At Airbus, the team is experimenting with some of the most highly stressed parts of an aircraft, growing them layer by layer from a spool of wire. This is becoming possible through a titanium 3D printing process known as wire-Directed Energy Deposition (w-DED).
While in conventional subtractive manufacturing, parts are machined from a solid plate or forged billets, w-DED builds components additively. A multi-axis robotic arm feeds titanium wire into a focused energy source, such as plasma, laser, or electron beam, melting and depositing material precisely where needed. Guided by a digital 3D model, the process creates a “near net shaped” blank that requires only minimal final machining.
According to Airbus engineers, “w-DED allows us to move from carving metal away to growing parts intelligently. That shift changes how we think about size, waste, and design freedom.” Metal 3D printing has been used in aerospace for around a decade, but it has largely been limited to small parts produced with powder-bed systems. w-DED breaks that barrier, allowing Airbus to produce structural titanium components up to seven meters long at deposition rates of several kilograms per hour, which is an order-of-magnitude jump over earlier methods.

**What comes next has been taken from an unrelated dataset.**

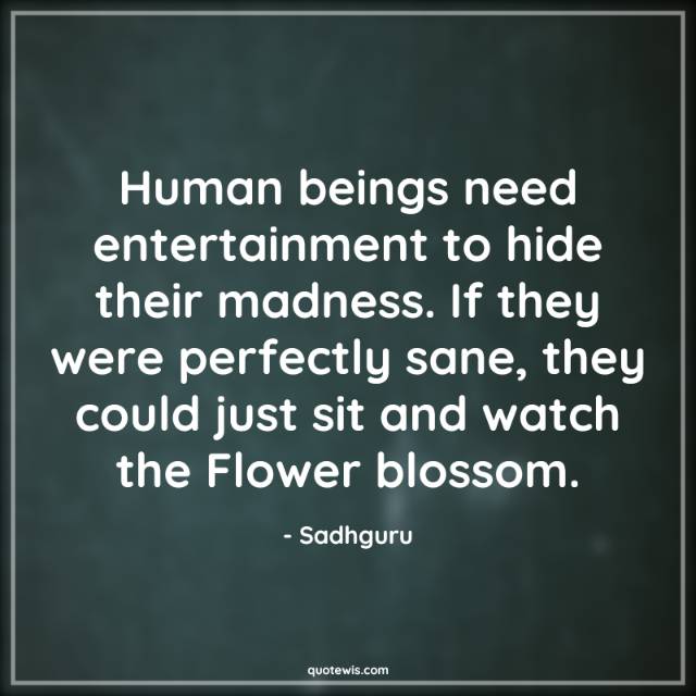 Human beings need entertainment to hide their madness. If they were perfectly sane, they could just sit and watch the Flower blossom.
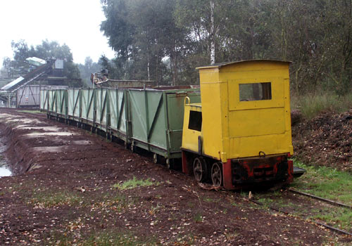 12.09.2005/ jm/ Das alte Torfwerk hat ein normalspuriges Anschlussgleis, welches allerdings nicht mehr in Benutzung ist, die einstige Normalspurlok (Krupp-Motorlok-Nr. 524) ist nicht mehr vorhanden. Die Feldbahnstrecke führt aus dem Werk in Richtung Osten an der alten Ziegelei vorbei, welche heute als Torfwerk bzw. als Torflagerstätte genutzt wird. Torfbahn und Ziegeleibahn führten früher parallel Richtung Osten, später wurden die beiden Bahnen zu einer Strecke zusammengefasst. Die Ziegeleibahn bog nach ca. 1 km nach Norden zum Bruch ab. Dieser Abzweig ist heute noch zu sehen.

The benefits extend beyond scale. Titanium is prized in aircraft for its strength, lightness, and compatibility with carbon fibre composites, but it is also costly. Traditional forging can waste up to 95% of the original material, measured by the so-called buy-to-fly ratio. With w-DED, most of that waste is avoided from the outset. “Growing parts close to their final shape means we’re no longer recycling the majority of what we buy,” said engineers.

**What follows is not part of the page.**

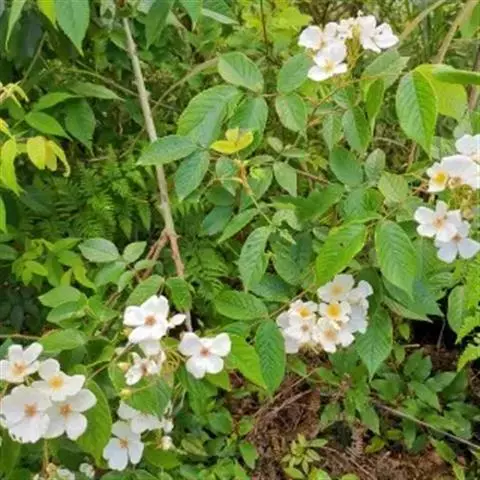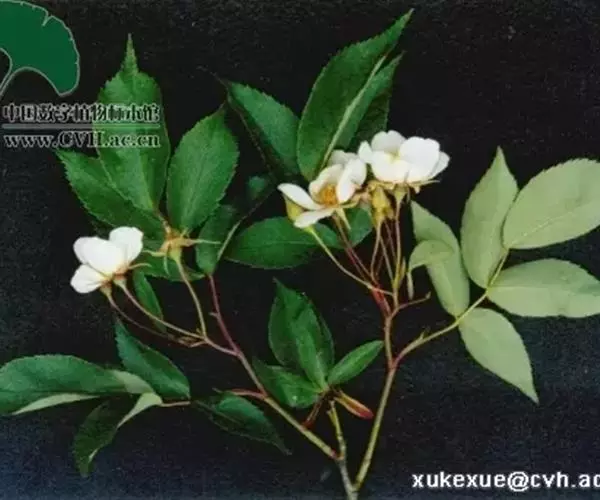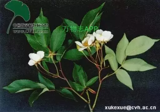 白蔷薇:直立灌木,高约2米;小枝有不等钩状皮刺,有时混有刺毛。小叶通常5,稀7,宽椭圆形或卵形,…

Airbus has already begun serial integration of its largest w-DED parts into the A350 Cargo Door Surround. Looking ahead, the technology enables components to be “designed for DED” – printed as single, optimized pieces rather than assembled from many parts. As Airbus and its partners continue testing energy sources and production strategies, w-DED provides an innovative manufacturing tool and serves as a foundation for the next-gen 3D designed aircraft.